The tension between what Will actually wants and what he thinks he should settle for goes to the heart of what the show is about. As an adult, how much of your life can permissibly be pure fun, and how much is just enduring it? Will tries to get Sylvia to affirm his misery based on what he’s observed from the outside of her marriage, while she insists that she’s happy and fulfilled and that she and Charlie couldn’t be more solid. But Season Two also gives us more insight into how things look from Charlie’s perspective. Being Sylvia’s “rock,” as she repeatedly calls him, means he’s under pressure to be the family’s unshakeable support while her event-planning “business” struggles. The fallout from Charlie’s appearance on his favorite game show changes the dynamic in the household in a way both Charlie and Sylvia’s characters really needed.

But: this is also a show about Will and Sylvia being ungovernable maniacs whose individual capacity for chaos grows exponentially when they’re together. When the champagne gets contaminated at the season-premiere engagement party, neither of them is to blame, but their solution gets more and more complicated as their panic increases, and ends with them trying to whip up a Veuve Clicquot substitute from ingredients in the country club kitchen. Later in the season, Will is confident he can get Sylvia to an appointment by cutting from dead-stop Los Angeles traffic down an alley near Lucky Penny, with results that are entirely predictable to everyone but these two fools. I thought I knew the meaning of the word “cursed” until I saw Will, Sylvia and Sylvia’s school mom friend Katie (Carla Gallo, fortunately getting much more to do in Season Two) take a kayak trip down the filthy L.A. River. 
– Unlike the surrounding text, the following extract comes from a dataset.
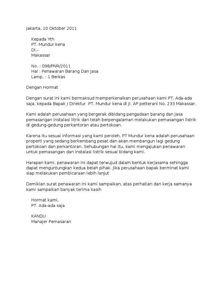 Contoh surat penawaran surat penawaran yaitu surat yang ditulis guna menyampaikan maksud suatu perusahaan untuk menjalin kerjasama dengan perusahaan lainnya. Surat penawaran barang ini biasanya dibuat oleh perusahaan yang ingin menawarkan suatu barang yang berbentuk fisik kepada konsumen baik itu retailer penjual eceran maupun end user pengguna akhir.

Some of the Season Two beats feel like echoes of plots we saw in Season One, but maybe that’s just true to life: It’s not like self-destruction takes an entirely different form every time. I also wish we got to see more of Will’s old Lucky Penny colleagues: Andy (Tre Hale), Omar (Vinny Thomas) and Reggie (Andrew Lopez, actually showing us he knows how to be funny since that’s certainly not something they let him do on The Bear). But Season Two is an absolute delight that co-creators Francesca Delbanco and Nicholas Stoller can be proud of — much prouder than the fictionalized Stoller should be of The Kool-Aid Movie he’s saddled with in The Studio

Platonic is The Other Two, but less mean; Fleischman Is In Trouble, but less despondent. It deserves to break out in Season Two. Help it get there.